Beneath this line is the data. Output exactly the lines from the line with "上記リンクの「Group: FasterXML Jackson" to the line with "FIG. 11C illustrates", both ends included, and nothing more.

-- AVAILABLE DATA --
----
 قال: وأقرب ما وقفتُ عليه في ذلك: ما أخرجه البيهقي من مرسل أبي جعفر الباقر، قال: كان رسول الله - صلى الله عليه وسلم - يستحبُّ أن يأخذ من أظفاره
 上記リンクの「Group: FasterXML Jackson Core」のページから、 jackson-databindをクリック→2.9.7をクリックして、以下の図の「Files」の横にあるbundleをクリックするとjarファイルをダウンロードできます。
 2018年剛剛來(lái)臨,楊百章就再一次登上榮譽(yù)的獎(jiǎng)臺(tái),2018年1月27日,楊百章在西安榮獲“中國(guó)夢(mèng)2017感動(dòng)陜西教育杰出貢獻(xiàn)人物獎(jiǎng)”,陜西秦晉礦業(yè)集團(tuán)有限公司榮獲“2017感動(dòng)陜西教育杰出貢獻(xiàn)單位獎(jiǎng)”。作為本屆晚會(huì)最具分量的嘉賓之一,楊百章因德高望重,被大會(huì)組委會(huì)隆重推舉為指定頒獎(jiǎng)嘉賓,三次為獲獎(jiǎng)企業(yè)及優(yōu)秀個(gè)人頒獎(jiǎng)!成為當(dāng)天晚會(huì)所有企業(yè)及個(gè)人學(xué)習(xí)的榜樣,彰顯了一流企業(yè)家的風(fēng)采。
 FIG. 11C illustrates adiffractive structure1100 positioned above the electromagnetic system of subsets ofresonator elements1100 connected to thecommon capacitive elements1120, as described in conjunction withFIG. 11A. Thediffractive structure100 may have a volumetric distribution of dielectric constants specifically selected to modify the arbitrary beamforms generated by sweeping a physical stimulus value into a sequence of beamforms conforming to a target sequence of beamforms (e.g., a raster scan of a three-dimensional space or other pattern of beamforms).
----
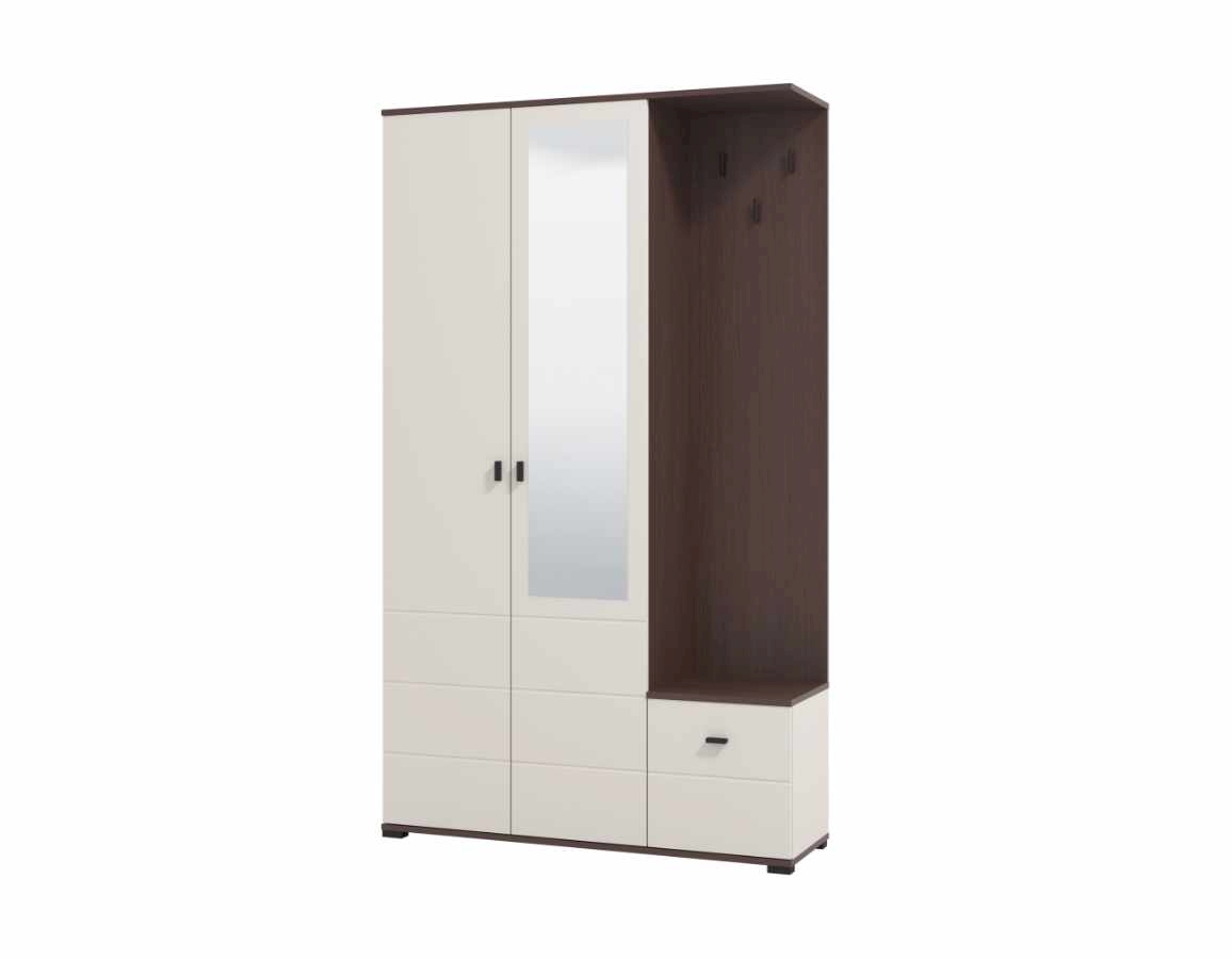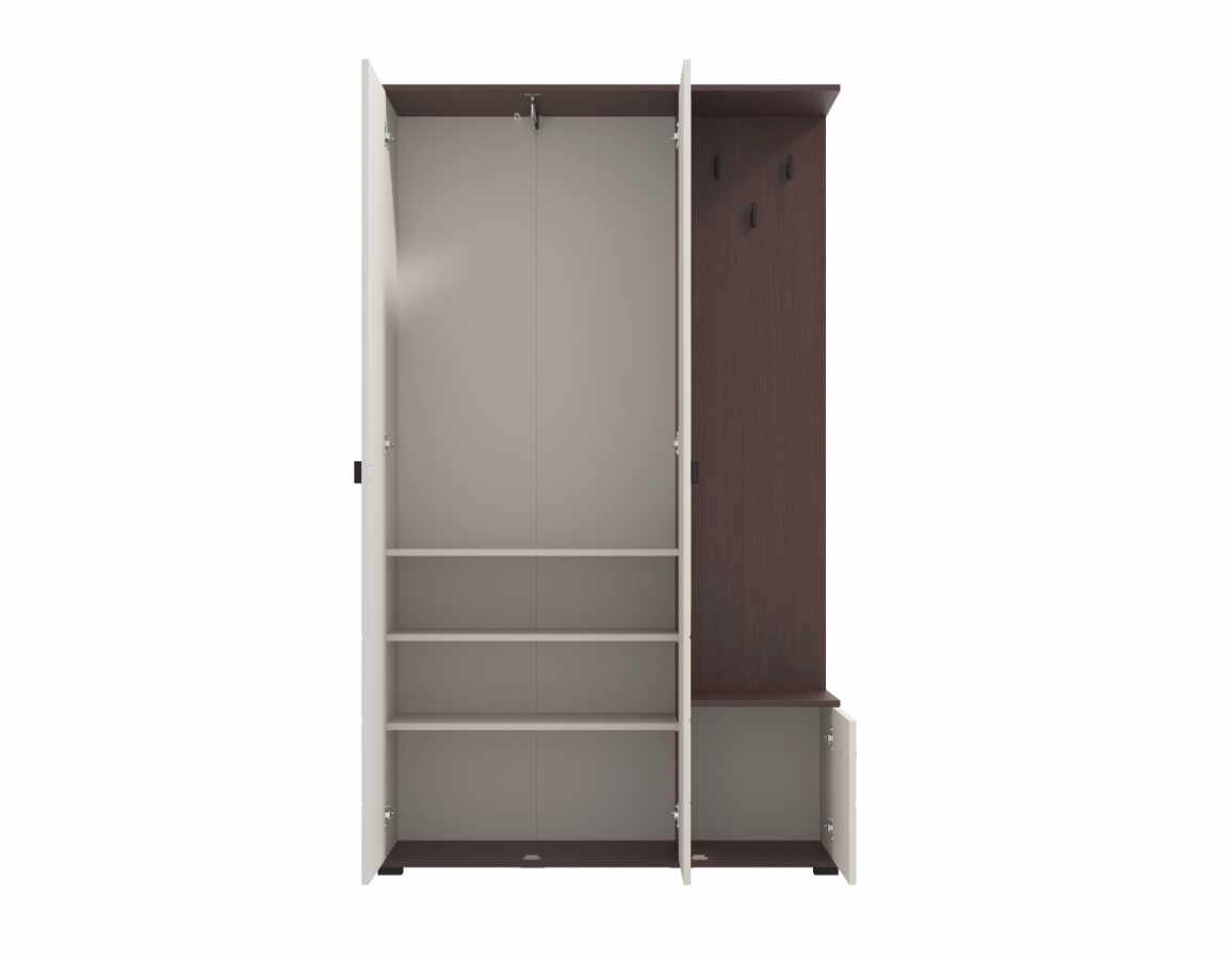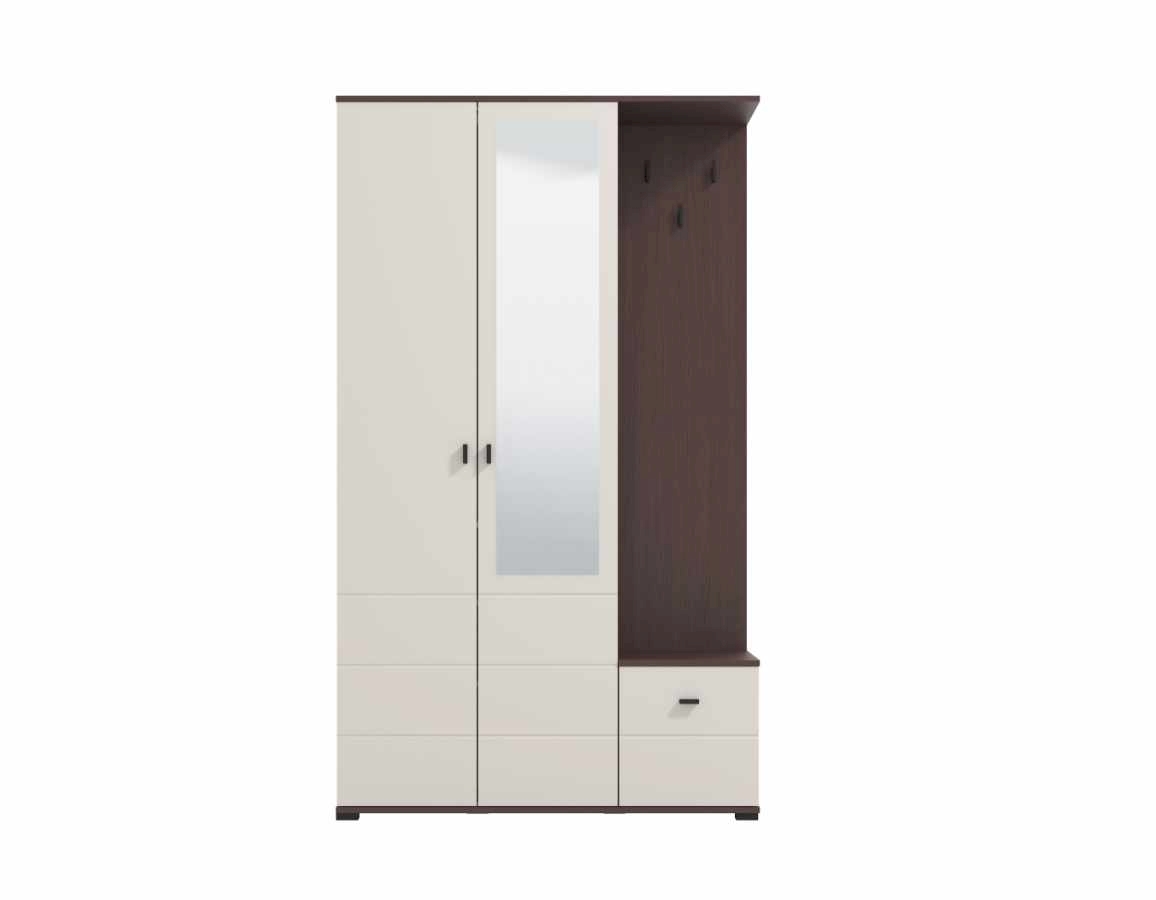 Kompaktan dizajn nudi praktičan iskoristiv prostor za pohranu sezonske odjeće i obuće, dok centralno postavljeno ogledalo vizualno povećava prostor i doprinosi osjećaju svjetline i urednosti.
----
-- YOUR SOLUTION --
 上記リンクの「Group: FasterXML Jackson Core」のページから、 jackson-databindをクリック→2.9.7をクリックして、以下の図の「Files」の横にあるbundleをクリックするとjarファイルをダウンロードできます。
 2018年剛剛來(lái)臨,楊百章就再一次登上榮譽(yù)的獎(jiǎng)臺(tái),2018年1月27日,楊百章在西安榮獲“中國(guó)夢(mèng)2017感動(dòng)陜西教育杰出貢獻(xiàn)人物獎(jiǎng)”,陜西秦晉礦業(yè)集團(tuán)有限公司榮獲“2017感動(dòng)陜西教育杰出貢獻(xiàn)單位獎(jiǎng)”。作為本屆晚會(huì)最具分量的嘉賓之一,楊百章因德高望重,被大會(huì)組委會(huì)隆重推舉為指定頒獎(jiǎng)嘉賓,三次為獲獎(jiǎng)企業(yè)及優(yōu)秀個(gè)人頒獎(jiǎng)!成為當(dāng)天晚會(huì)所有企業(yè)及個(gè)人學(xué)習(xí)的榜樣,彰顯了一流企業(yè)家的風(fēng)采。
 FIG. 11C illustrates adiffractive structure1100 positioned above the electromagnetic system of subsets ofresonator elements1100 connected to thecommon capacitive elements1120, as described in conjunction withFIG. 11A. Thediffractive structure100 may have a volumetric distribution of dielectric constants specifically selected to modify the arbitrary beamforms generated by sweeping a physical stimulus value into a sequence of beamforms conforming to a target sequence of beamforms (e.g., a raster scan of a three-dimensional space or other pattern of beamforms).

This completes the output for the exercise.